While coming up with an idea to create for this hackathon, we ran into a new article by Forbes which outlined research being done by the University of Cincinnati to predict crime based off of data from tweet locations. This tool identifies trends in the data to predict which locations are most likely to have criminal behavior. As a group we came up with an idea to use the text in the tweets instead of the location of the tweet. We did some research and found that many crimes, suicides, acts of terror are committed after making posts of their manifestos on social media. So, we decided to create a twitter based tool that identifies a users psychological behavior from their tweets. This would be useful for law enforcement authorities to keep a watch on users that may be of concern.
What it does
The suspect analysis tool aims to help identify potential criminal behavior of a twitter user based on their twitter posts. This tool is meant to be used as an aid by law enforcement authorities to identify and monitor behavior of potential suspects. Using the natural language processing API from google cloud, we are able to categorize the persons behavior from their posts in six different categories; Love, like, cordial, annoyed, hate, dislike. Based on these categories we can identify a suspects psychological state and generate a report.
How we built it
There were several API's and frameworks that we had to use in order to build this tool. Initially we had to find a way extract the tweets from a twitter users profile using the profile name. This was done using the Twitter API and tweepy library for python. Each tweet made by the user is stored in dictionary that maps the users name to an array of their tweets. This data set was then uploaded to MongoDB where the other frameworks can retrieve the data from. We used MongoDB so that if a twitter user is searched more than once, the tweet data will already be readily available, that way we only need to update the data for each user rather than researching their twitter feed.
Challenges we ran into
The challenges we ran into included deploying a flask web server on a Linux VM, which we overcame by using the Google App Engine. Other challenges included: connecting our React Front End with a MongoDB back-end with an NLP library. This required us to experiment with different sentiment analysis tools, ranging from Google NLP services to IBM Watson. The configurations required to tailor our inputs across various platforms and while scraping the twitter API required us to experiment with it.

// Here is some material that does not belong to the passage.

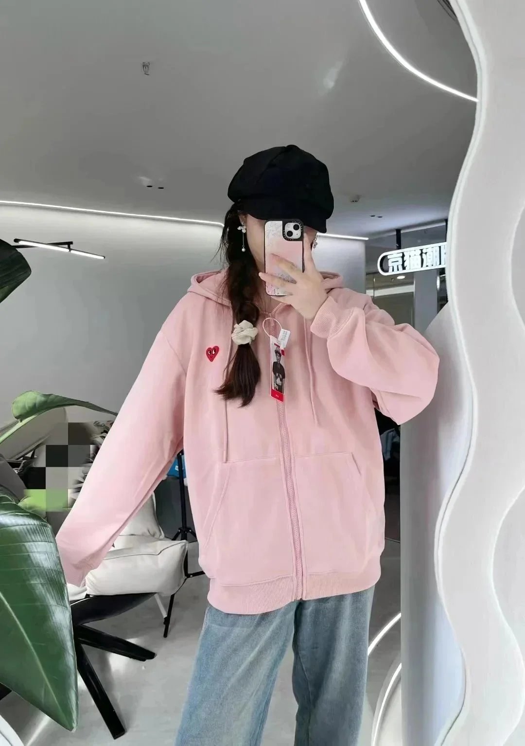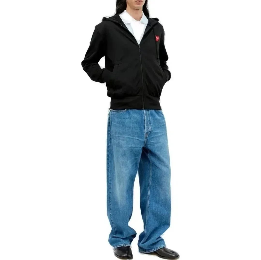 Stylish PLAY zip-up hoodie and matching joggers featuring iconic heart logo. Perfect for casual comfort with a designer edge.

Accomplishments that we're proud of
We are proud of our final project, because it is functioning as designed. When this hackathon started we didn't know each other so were also able create new connections during this hackcthon. While working together we got to know each other strengths and weaknesses so, split the work based on which technologies each person knew. As a result of that we were able to efficiently work together to create out final project.
What we learned
Prior to this hackathon we weren't familiar with the technologies that were required to make a working model for our idea. So, in order to continue with our idea, we attended the workshops for React and Framework for Tackling AI/ML Challenges. We also watched tutorials to learn about how to integrate google cloud platform with MongoDB, Twitter API, Flask and React. Overall, every group member will be leaving this hackathon with a new skill set under their belt!
What's next for Suspect Analysis
In the future, Suspect Analysis can be used by law enforcement agencies to track suspects that may pose a possible threat. We would also like to use other social media platforms such as Reddit, Facbook, Youtube etc. to get a larger data set. Aside from using this tool for identifying suspects, this can be used in a professional work environment to analyze potential candidates for a job to get an idea of whether or not they are fit psychologically for the working environment of the company.